Start of RECORD SET
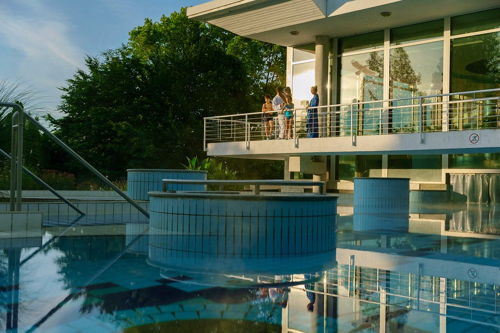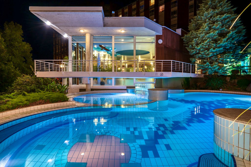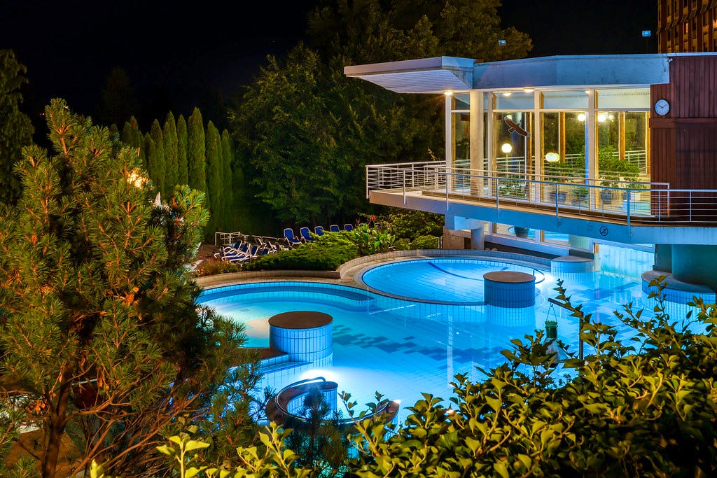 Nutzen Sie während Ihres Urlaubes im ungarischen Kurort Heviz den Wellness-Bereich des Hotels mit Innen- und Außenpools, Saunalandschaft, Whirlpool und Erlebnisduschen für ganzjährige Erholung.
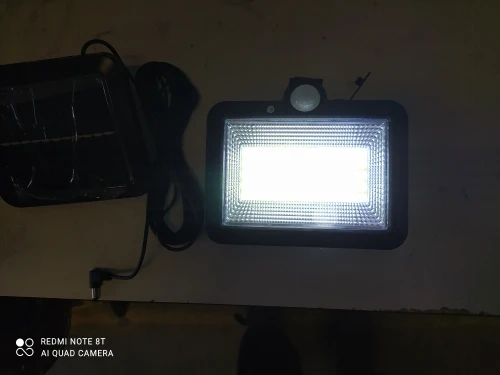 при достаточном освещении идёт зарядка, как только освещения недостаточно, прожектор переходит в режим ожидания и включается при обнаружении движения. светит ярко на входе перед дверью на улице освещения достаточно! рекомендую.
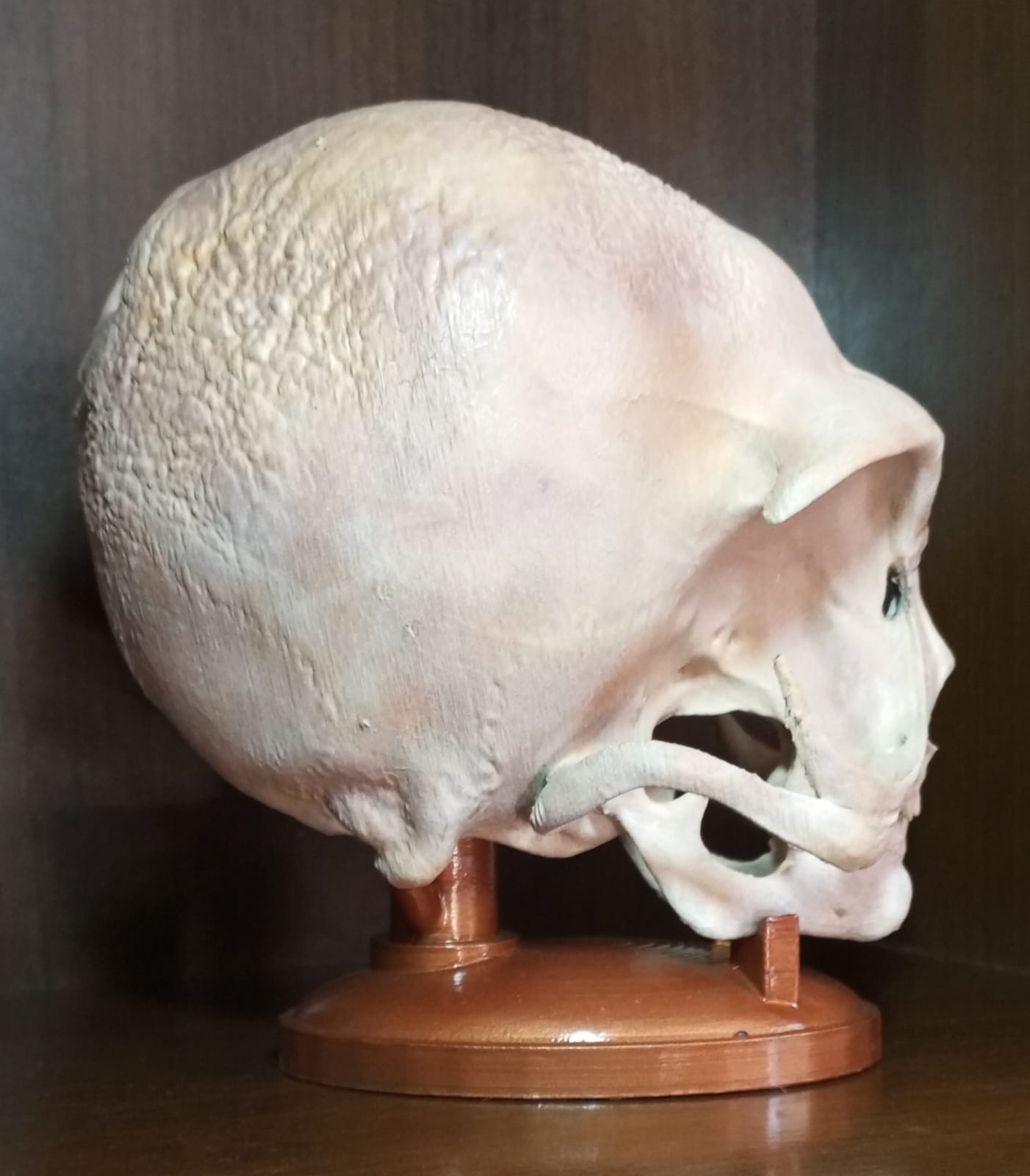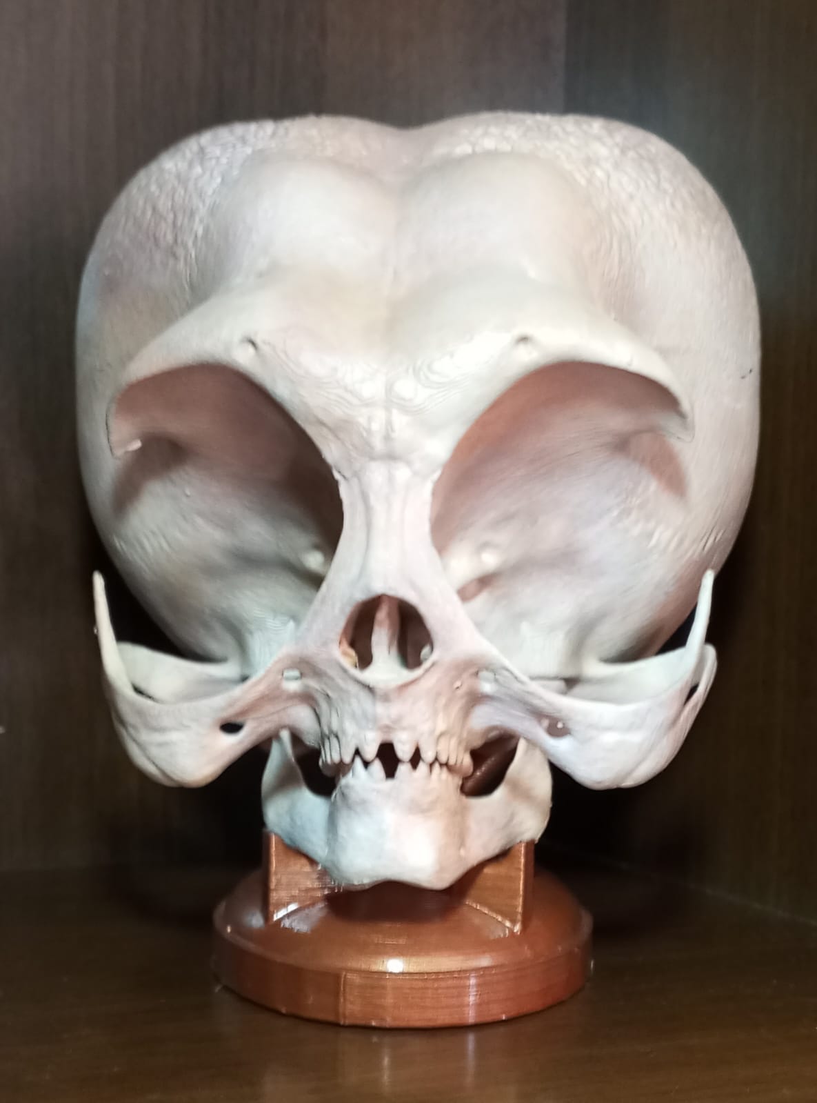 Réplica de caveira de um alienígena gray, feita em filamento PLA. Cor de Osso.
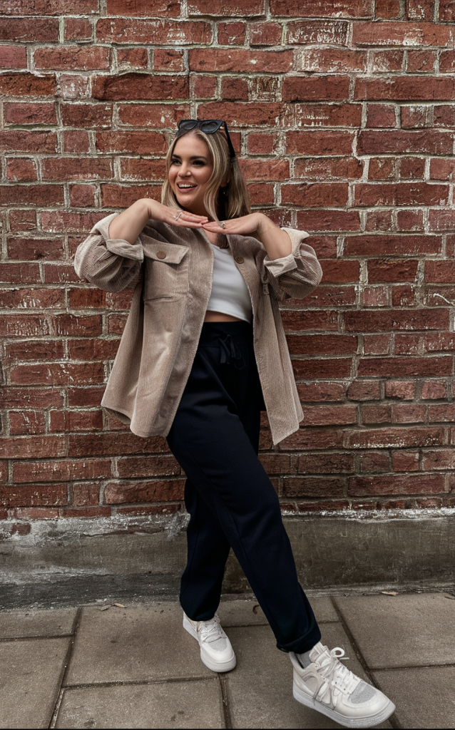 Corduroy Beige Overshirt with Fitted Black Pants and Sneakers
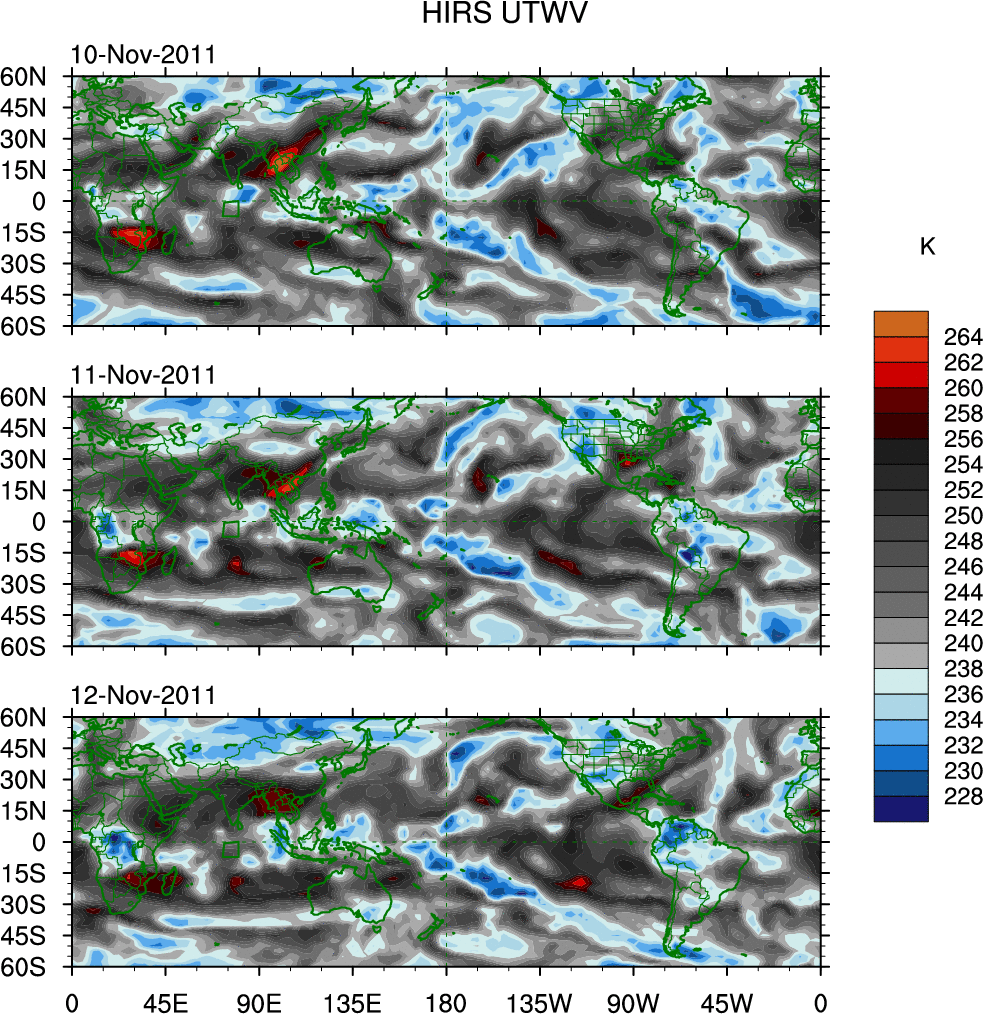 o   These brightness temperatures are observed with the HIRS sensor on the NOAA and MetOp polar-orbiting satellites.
End of RECORD SET
→ WHAT TO WORK ON
Retype the listing above exactly as it appears, omitting the pictures.

→ EXERCISE OUTPUT
 Nutzen Sie während Ihres Urlaubes im ungarischen Kurort Heviz den Wellness-Bereich des Hotels mit Innen- und Außenpools, Saunalandschaft, Whirlpool und Erlebnisduschen für ganzjährige Erholung.
 при достаточном освещении идёт зарядка, как только освещения недостаточно, прожектор переходит в режим ожидания и включается при обнаружении движения. светит ярко на входе перед дверью на улице освещения достаточно! рекомендую.
 Réplica de caveira de um alienígena gray, feita em filamento PLA. Cor de Osso.
 Corduroy Beige Overshirt with Fitted Black Pants and Sneakers
 o   These brightness temperatures are observed with the HIRS sensor on the NOAA and MetOp polar-orbiting satellites.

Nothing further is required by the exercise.